An open letter to JK Rowling

Dear JK,

May we call you JK? We'll call you JK.

As you know, JK, we here at GoobNet are huge fans of the Harry Potter series. And by that, we mean that a couple of us have seen some of the films. As far as reading the books, let us know when the qualifiers for the 2010 Quidditch World Cup start.

Many people have heard you say that the seventh and final Harry Potter book, which you're working on now, features the deaths of a couple of major characters. There is great panic and commotion over the possibility that one of those will be good old Harold himself.

You know just as well as anyone that we've never been that interested in popular culture here at GoobNet. The Millionaire, Survivor, Star Wars, South Park, American Idol, X Games, Britney Spheres, Ricky Martin, Ashlee Simpson, Lindsay Lohan, extreme ironing, DDR, WoW, the Sims, oil spill surfing, Bennifer, Bennifer Two, Brangelina, Filliam H Muffman, Spider-Man, Spider-Man 2, X-Men, X-Men 2: X-Men United Football Club, X-Men 3: You Morons Really Think This Is Going to Be the "Last Stand"?!, Anna Kournikova, Maria Sharapova, Danica Patrick, erotic paintball, Myspace, Youtube, podcasting, texting, and sudoku fads all passed us by.

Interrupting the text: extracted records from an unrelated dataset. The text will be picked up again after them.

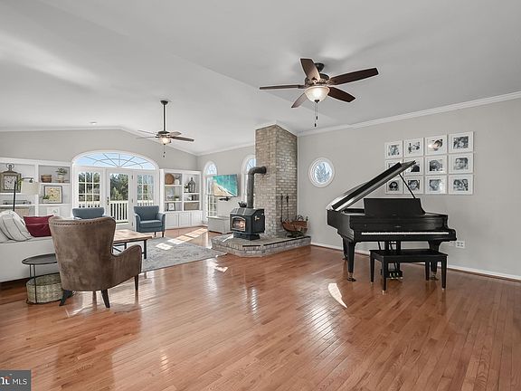 Spectacular brick-front Rancher situated on a premium 1.41-acre lot and located in the highly sought-after Bradford Estates community! Boasting gleaming hardwood floors, neutral color pallet, light-filled interiors, classic moldings, updates throughout, and design-inspired features in every room! From the open floor plan to the amazing outdoor living space, this gorgeous home hits the perfect balance of privacy and every entertainer’s dream; Light filled living room adorned with soaring cathedral ceilings, a brick profile wood stove, lofty Palladian windows, and easy access to the sizeable deck; Dining room graced with a bay window offering amazing backyard views; Eat-in kitchen with sleek stainless-steel appliances, ample cabinetry, decorative backsplash, granite countertops, breakfast bar, island, and pendant lighting; Owner’s suite highlighted with a walk-in closet, dressing area, wainscotting, exquisite en-suite full bath with a soaking tub and glass enclosed shower; Private office with French doors and built-in cabinetry; Three additional main level bedrooms and a full bath ; Oversized pantry, laundry room with a custom barnwood track door, and a powder room complete the main level; Travel downstairs to find the expansive family room, bedroom, full bath, bonus room, storage, walkout access to the backyard, and garage access; Exterior features: Landscaped grounds, wrap around deck, secure storage, play area, covered front porch, 2-car attached garage, tree-lined backyard, panoramic views, and close in proximity to everything Mount Airy has to offer! Recent updates: Lower-level carpet, deck, paint, and more! A MUST-SEE!
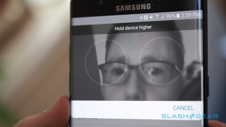 Underneath the display is a physical home button that doubles as a fingerprint scanner, as on the S7: it can be used with up to five different digits. However, above the screen is the Note 7's second biometric security system, an iris scanner.
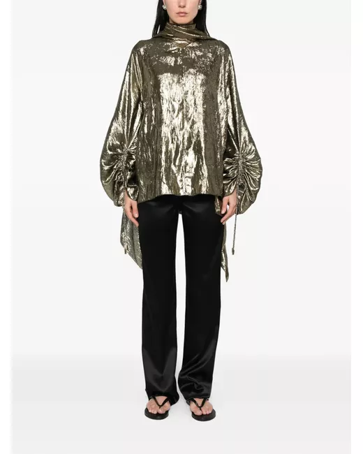 golden-tone scarf button fastening long sleeves asymmetric hem crinkled effect
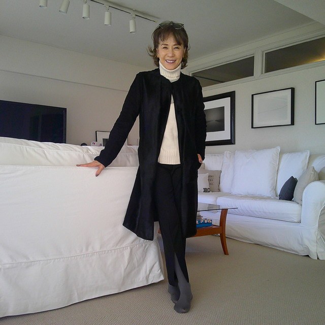 ノーカラーのスエードコートはMaxMaraらしい女性っぽさが満載

Nonetheless, JK, we feel a special affectation for the characters we've seen in the Harry Potter films. Like that guy, and those two Indian chicks, and the other guy who's kind of a jerk, but not as much of a jerk as that one guy. And besides, hasn't everyone else told you that Hogwarts is like a younger students' version of Caltech? Only with significantly more expensive set design, of course.

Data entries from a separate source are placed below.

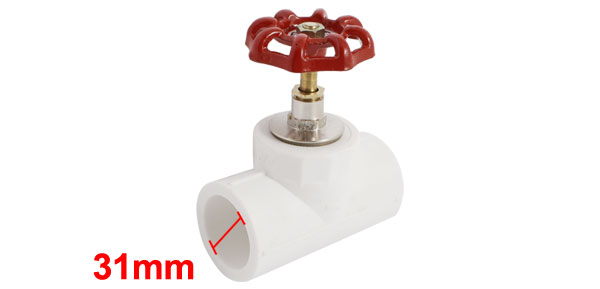 Product Name PPR Stop Valve Material PPR, Metal Main Color White, Red, Silver Tone Hole Inner Dia 31mm to 31mm Wheel Handle Dia 51mm/ 2" Body Size 80 x 43mm/ 3.1" x 1.7"(L*Max.W) Overall Height 100mm/ 3.9" Net Weight 148g Package Contents 1 x PPR Stop Valve - Reviews
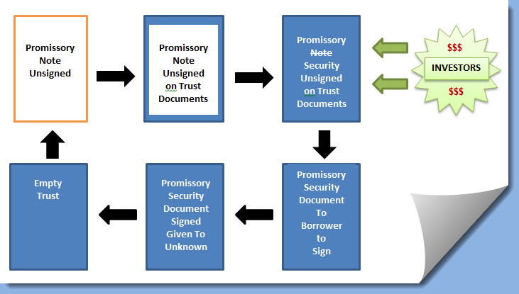 Think of it this way. The application for a loan turns into unsigned or hypothetical loan documents that are identified inside the Trust to attract investors’ approval to fund the Trust – i.e., pay for the loans. The Trust is or was already created. The promissory note is identified on paper printed in the trust documents. Once the note is in the Trust, it becomes a security. The investors funds are applied and the loan documents (mortgage and promissory note security) are then provided for the borrower to sign and whisked away (God, only knows where). The mortgage got recorded and the note – well… the note does not appear again, if then – until default and foreclosure.
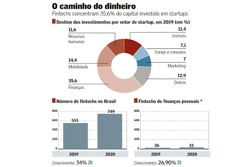 Empresas atraem aportes milionários 31 de julho de 202030 de outubro de 2020 Portal de Fusões e Aquisições Fintechs foram a categoria de startups que mais arrecadou investimentos no país em 2019 Fintechs
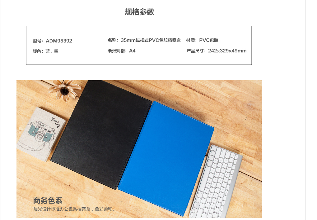 >晨光35mm磁扣式PVC包胶档案盒ADM95392

So, we feel that we're uniquely positioned to tell you how to do your job. We've been listening to the voices clamoring for you to ensure that good old Harold survives this last novel, and we've got this sneaking suspicion that the two "major characters" you've killed off are the big funny looking guy and the little annoying guy, the same two characters that everybody's been begging you to kill off all this time.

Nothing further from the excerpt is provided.